Фердинанд потребовал официальной капитуляции и извинений; Фридрих с вдохновенным простодушием отвечал, что человеку, если он прав, не в чем извиняться; однако, если император гарантирует соблюдение чешской конституции, расплатится с призывной армией и возместит ему все расходы, он подумает об отречении от престола. Это было не просто личное неповиновение, но и вызов всем германским князьям. В Мюльхаузене (Мюлузе) они объявили захват короны Фридрихом преступным; отрицая законность этого вердикта, Фридрих тем самым намекал на то, что, по его мнению, их принудил к тому или подкупил император. До конца жизни он не переставал заявлять, что не нарушал мира в империи и восстал не против императора, а против эрцгерцога Австрийского. Это был краеугольный камень его политики: он законный король Чехии, который подвергся преступному нападению и в Чехии, и в собственных германских владениях.
Если Фридрих не подчинится, войска Спинолы останутся в Пфальце. Два условия из четырех остались не выполнены, и две двери для заключения мира оказались закрыты. Остались еще вопросы армии Мансфельда и долгов Фердинанда.
Эрнст фон Мансфельд со своей безработной армией стал лагерем в Пильзене (Пльзене), император объявил его вне закона и назначил триста тысяч талеров за его голову. На ближайшее будущее Мансфельд в своих действиях руководствовался двумя соображениями: необходимостью раздобыть пропитание для своих людей и тем, как сделать себя настолько ценным для одной стороны или настолько опасным для другой, чтобы или снова найти себе работодателя, или получить выкуп за выход из войны. А пока он восполнял поредевшие ряды, с разрешения или без разрешения вербуя рекрутов по всему югу Германии.

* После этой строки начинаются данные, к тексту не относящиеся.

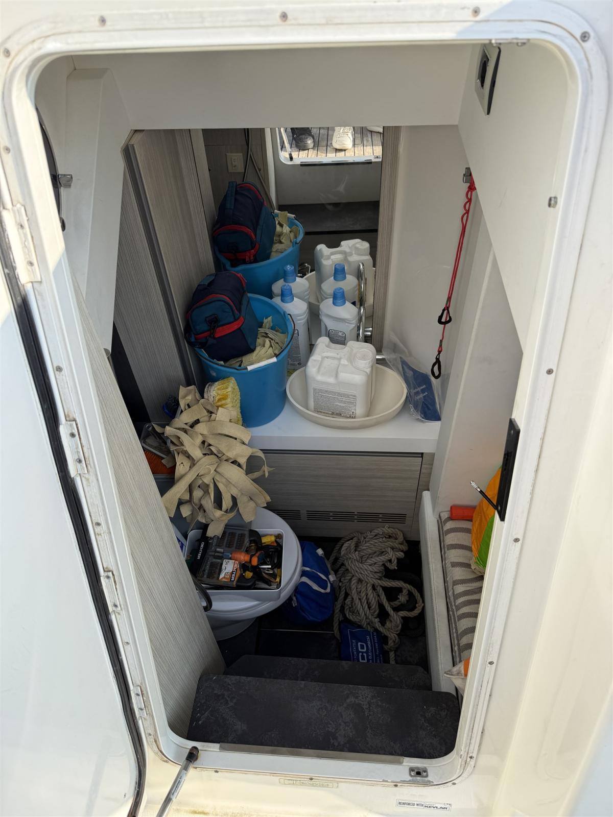 Indicateur d'angle de barre, Antenne radar, Commande électrique, Ordinateur fixe de bord, DSC VHF, Joystick, Plotter GPS, Siège copilote, Yacht controller (TERZA STAZIONE A POPPA).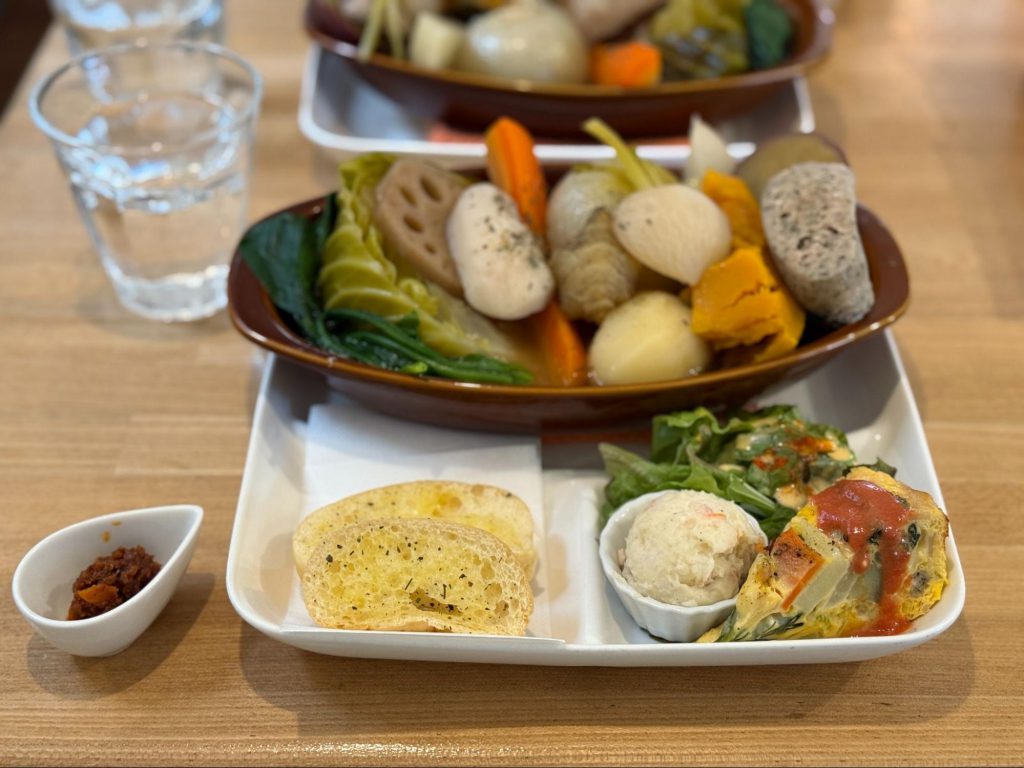 午餐以清爽、健康的料理为主,份量恰到好处,吃起来没有负担,适合在采草莓行程之后慢慢享用。窗外是吉见町宁静的街景,室内则流动着轻松的气氛,让人暂时忘记时间,只专心享受这段属于旅途中的午餐时光。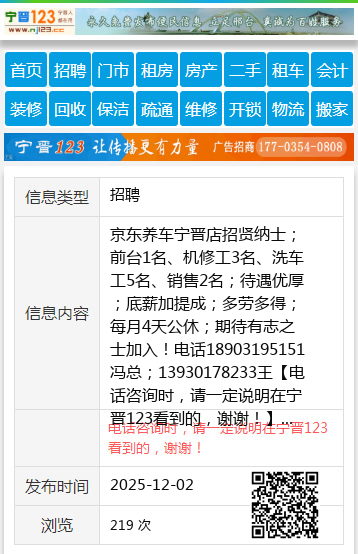 京东养车宁晋店招贤纳士;前台1名、机修工3名、洗车工5名、销售2名;待遇优厚;底薪加提成;多劳多得;每月4天公休;期待有志之士加入!电话18903195151冯总;13930178233王 【电话咨询时,请一定说明在宁晋123看到的,谢谢!】 |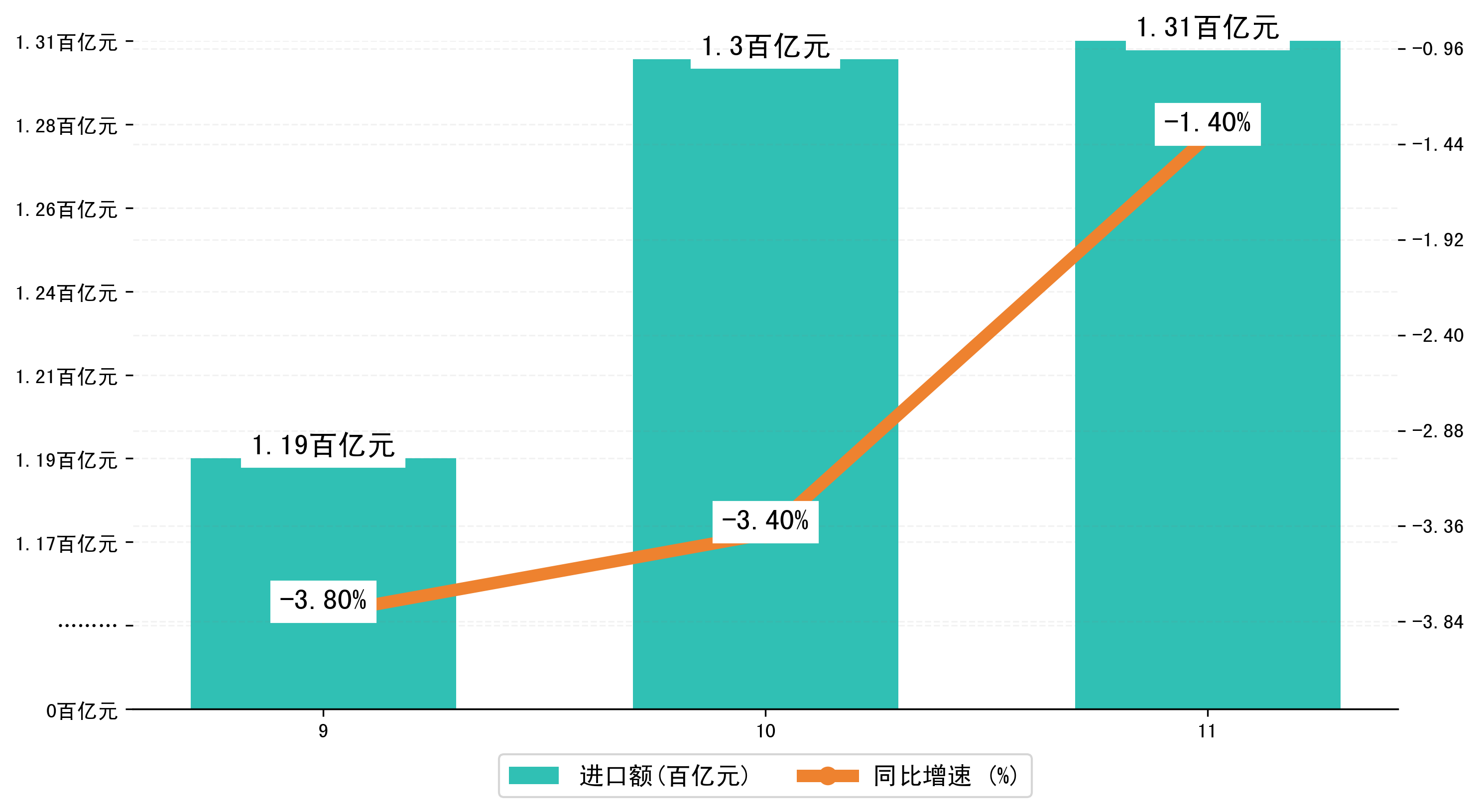 (图三:2024年9-11月合肥市进口额)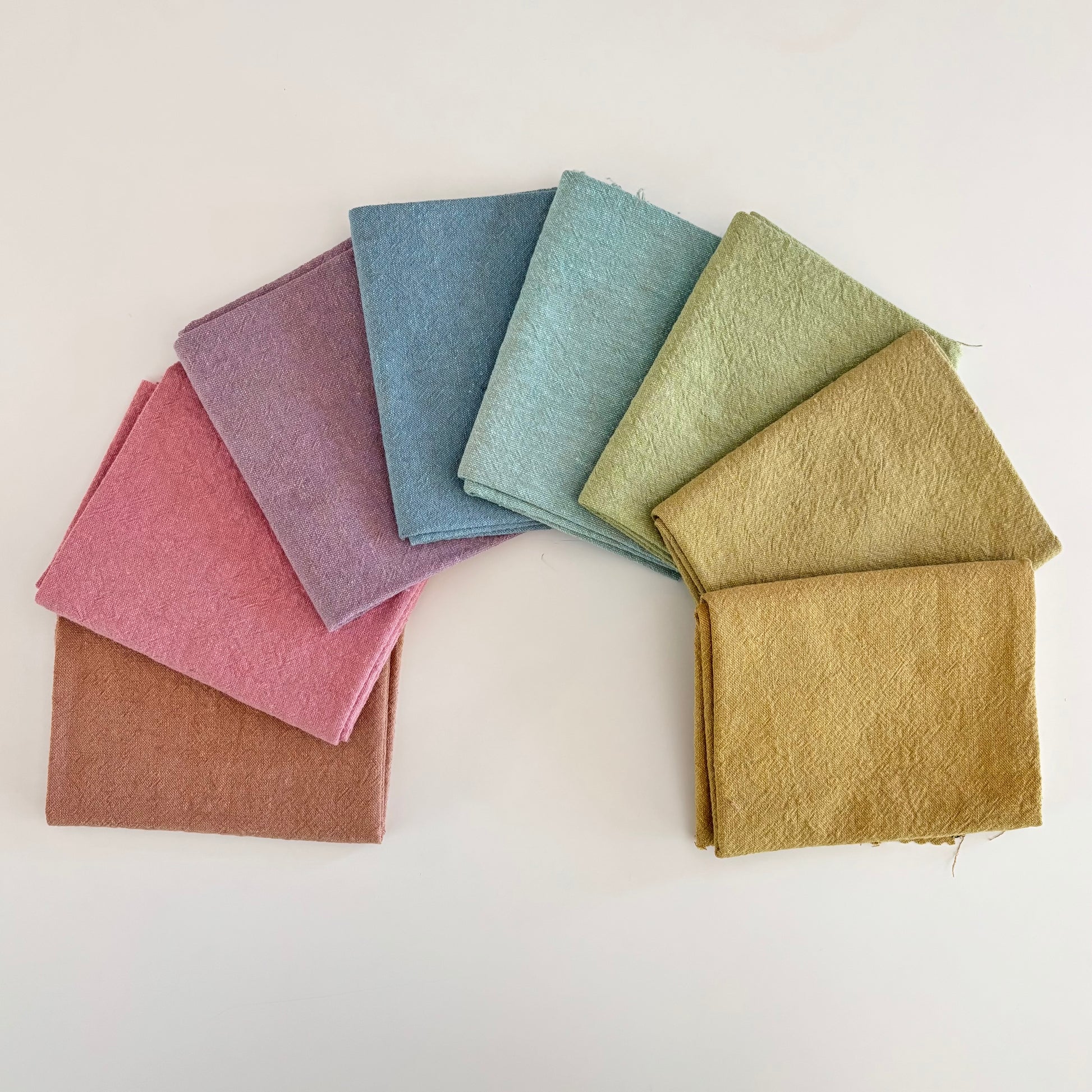 Eight specially picked hand dyed fat quarters! This Rainbow is dyed with all yarn dyed Essex linen. Each piece is approximately 18" x 22"

Ему приходилось не просто кормить армию, а управлять целым государством. По самой скромной оценке, обычно на каждого солдата приходилось по женщине и мальчику на побегушках; в армии Тилли у каждого лейтенанта было по пять слуг, а у полковника – до восемнадцати. Награбив добра, солдаты нанимали носильщиков. Пушкари были наемными мастерами, которые со своим начальником, конюхами для огромных конных упряжек, женами и прислугой составляли сплоченный контингент, отдельный от армии, но необходимый для нее. Ряды армии разбухали за счет крестьянских девушек, угнанных из разграбленных ферм, детей, похищенных ради выкупа и забытых, коробейников, жуликов, знахарей-шарлатанов и бродяг. В армии Бюкуа в неделю рождалось по шесть-семь детей, да и у Мансфельда женщины были, само собой, не менее плодовиты.
На главаре наемников лежала ответственность за все это, которую он либо выполнял, либо начинался хаос, такой же опасный для него самого, как и для страны, в которой он находился. «Ни люди, ни лошади не могут питаться воздухом, – писал Мансфельд. – Все, что у них есть, оружие или одежда, изнашивается, приходит в негодность и ломается. Чтобы купить новое, нужны деньги, и, если не дать людям денег, они раздобудут их там, где найдут, и не в счет того, что им причитается, а по своему усмотрению и никого не спрашивая. Как только эта дверь откроется для них, они начинают позволять себе куда большие вольности… Они не щадят никого, для них нет ничего святого, ни церквей, ни алтарей, ни гробниц, ни склепов, ни мертвецов, покоящихся в них». Таким-то государством правил Мансфельд, и такова была бы анархия, если бы он дал ему волю.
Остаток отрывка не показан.